A New Scheduling Quantitative Feedback Theory-Based Controller Integrated with Fault Detection for Effective Vibration Control

In this work, a new integrated fault detection and control (IFDC) method is presented for single-input/single-output systems (SISOs). The idea is centered on comparing the closed-loop output between the faulty system and fault-free one to schedule/switch the feedback control once the fault occurs. The problem addressed in this work is the output disturbance rejection. The set of feedback controllers are designed using quantitative feedback theory (QFT) for fault-free and faulty systems. In the context of QFT-based IFDC, the proposed active approach is novel, simple, and easy to implement from an engineering point of view. The efficiency of the proposed method is assessed on a flexible smart structure system featuring a piezoelectric actuator. The actuator and sensor faults considered are the multiplicative type with both fixed and time-varying magnitudes.
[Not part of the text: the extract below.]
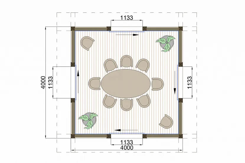 Беседка полузакрытого типа. Предназначена для выполнения функции столовой в теплую погоду. Конструкция защищена с углов от ветра и дождя. В ее проекте предусмотрены широкие проемы со всех 4 сторон

In the fixed magnitude fault case, the actuator/sensor output delivering capability is reduced by 50% (multiplying a factor of 0.5 to its actual output), while in the time-varying magnitude case, it becomes 60% to 50% for a particular time interval. In both cases, the proposed control method identifies the fault and activates the required controller to satisfy the specification with less control effort as opposed to the passive QFT design featured by faulty system design alone.